• _Task_
Output every entry below word for word, without its pictures.

Records provided Block Start

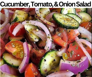 Keto cucumber, Tomato, and Onion Salad is a tasty and flavorful dish while maintaining low-carb content. It combines tomatoes, cucumbers, and onions in a simple dressing that maintains their acidity, freshness, and clean flavor. It is perfect to prepare for a quick prep meal. This salad is ideal for weekdays, for lunch, and family gatherings; it takes a few minutes to prepare, and it goes well with almost any keto dinner. Keto cucumber, Tomato, & Onion Salad has a fresh flavor and pairs well with heavier proteins like grilled meats or creamy keto recipes. We use some ingredients such as apple cider vinegar, tomatoes, red onion, cucumber, and olive oil. Each component contributes something unique, yet the overall salad easily fits into your daily macros. We don’t recommend freezing this salad because when the vegetables freeze, they lose their firmness and get watery.
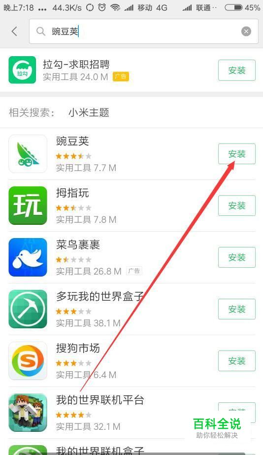 手机打开软件中心,点击搜索豌豆荚这个软件,点击下载并安装。
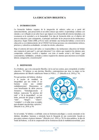 El documento presenta los conceptos clave de la educación holística, la cual busca formar personas de manera integral a través del desarrollo del autoconocimiento, los saberes y las habilidades prácticas con impacto social. La educación holística considera al ser humano como un todo multidimensional y enfatiza el desarrollo equilibrado de lo cognitivo con lo emocional y espiritual. Este enfoque educativo enfrenta obstáculos debido a la resistencia de quienes se aferran a modelos educativos tradicionales fragment
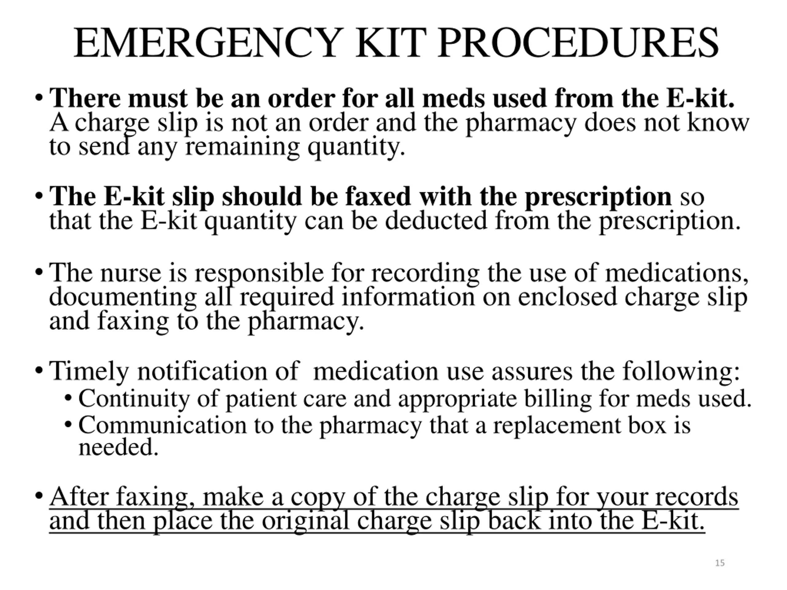 EMERGENCY KIT PROCEDURES There must be an order for all meds used from the E-kit. A charge slip is not an order and the pharmacy does not know to send any remaining quantity. The E-kit slip should be faxed with the prescription so that the E-kit quantity can be deducted from the prescription. The nurse is responsible for recording the use of medications, documenting all required information on enclosed charge slip and faxing to the pharmacy. Timely notification of medication use assures the following: Continuity of patient care and appropriate billing for meds used. Communication to the pharmacy that a replacement box is needed. After faxing, make a copy of the charge slip for your records and then place the original charge slip back into the E-kit. 15
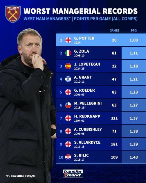 真要降级了波特场均得分为西汉姆联历任主教练最低
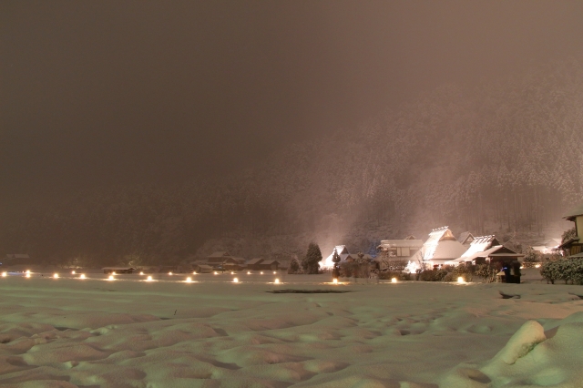 この「美山かやぶきの里」を舞台に、2020年1月25日(土)から2月1日(土)までの期間、ライトアップイベントが開催されます。雪化粧をしたかやぶきの古民家がやわらかな灯廊の明かりで彩られます。
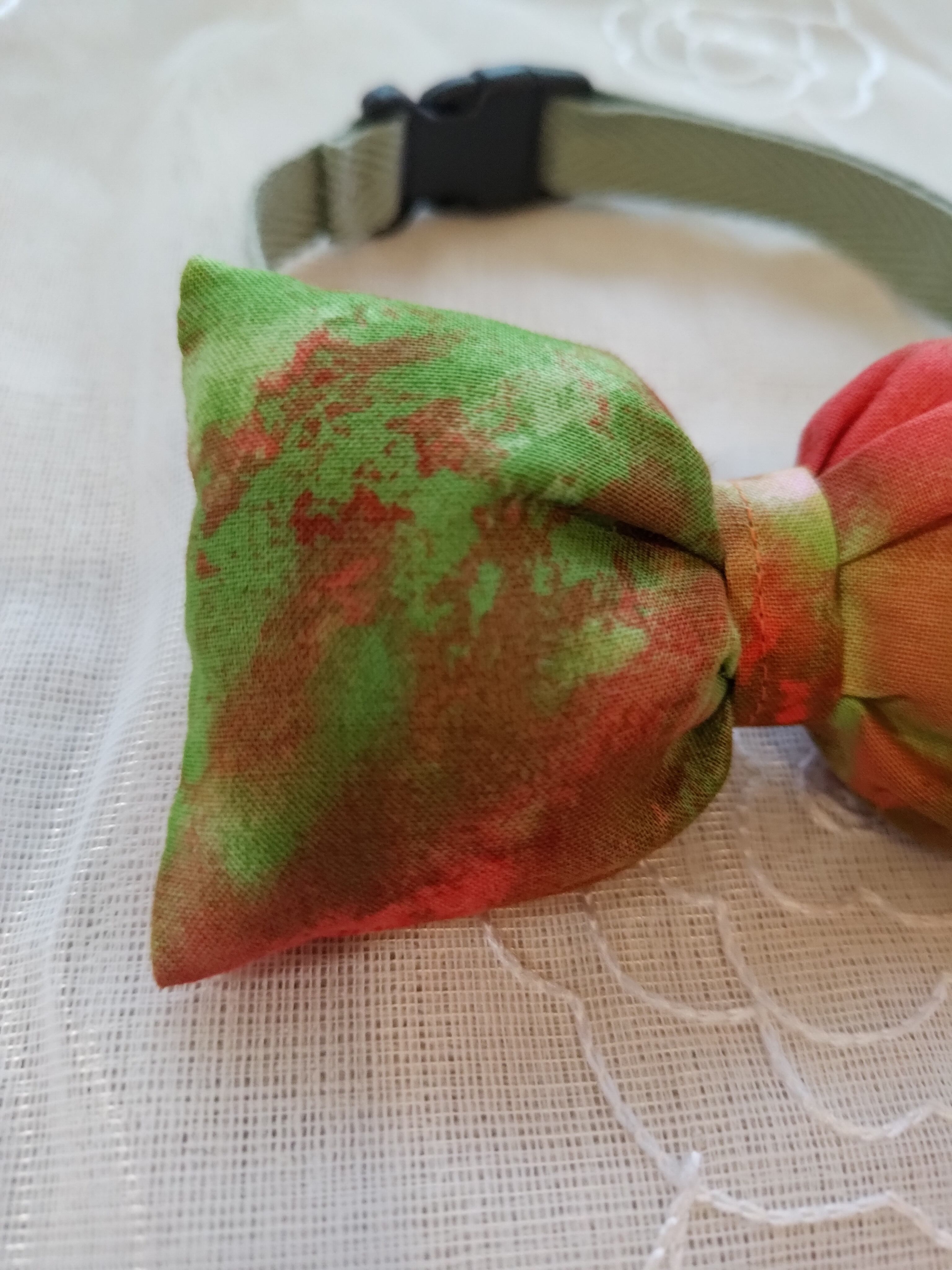 中型犬用蝶ネクタイ まだら染め赤✕緑③

Records provided Block End

• _Answer_
 Keto cucumber, Tomato, and Onion Salad is a tasty and flavorful dish while maintaining low-carb content. It combines tomatoes, cucumbers, and onions in a simple dressing that maintains their acidity, freshness, and clean flavor. It is perfect to prepare for a quick prep meal. This salad is ideal for weekdays, for lunch, and family gatherings; it takes a few minutes to prepare, and it goes well with almost any keto dinner. Keto cucumber, Tomato, & Onion Salad has a fresh flavor and pairs well with heavier proteins like grilled meats or creamy keto recipes. We use some ingredients such as apple cider vinegar, tomatoes, red onion, cucumber, and olive oil. Each component contributes something unique, yet the overall salad easily fits into your daily macros. We don’t recommend freezing this salad because when the vegetables freeze, they lose their firmness and get watery.
 手机打开软件中心,点击搜索豌豆荚这个软件,点击下载并安装。
 El documento presenta los conceptos clave de la educación holística, la cual busca formar personas de manera integral a través del desarrollo del autoconocimiento, los saberes y las habilidades prácticas con impacto social. La educación holística considera al ser humano como un todo multidimensional y enfatiza el desarrollo equilibrado de lo cognitivo con lo emocional y espiritual. Este enfoque educativo enfrenta obstáculos debido a la resistencia de quienes se aferran a modelos educativos tradicionales fragment
 EMERGENCY KIT PROCEDURES There must be an order for all meds used from the E-kit. A charge slip is not an order and the pharmacy does not know to send any remaining quantity. The E-kit slip should be faxed with the prescription so that the E-kit quantity can be deducted from the prescription. The nurse is responsible for recording the use of medications, documenting all required information on enclosed charge slip and faxing to the pharmacy. Timely notification of medication use assures the following: Continuity of patient care and appropriate billing for meds used. Communication to the pharmacy that a replacement box is needed. After faxing, make a copy of the charge slip for your records and then place the original charge slip back into the E-kit. 15
 真要降级了波特场均得分为西汉姆联历任主教练最低
 この「美山かやぶきの里」を舞台に、2020年1月25日(土)から2月1日(土)までの期間、ライトアップイベントが開催されます。雪化粧をしたかやぶきの古民家がやわらかな灯廊の明かりで彩られます。
 中型犬用蝶ネクタイ まだら染め赤✕緑③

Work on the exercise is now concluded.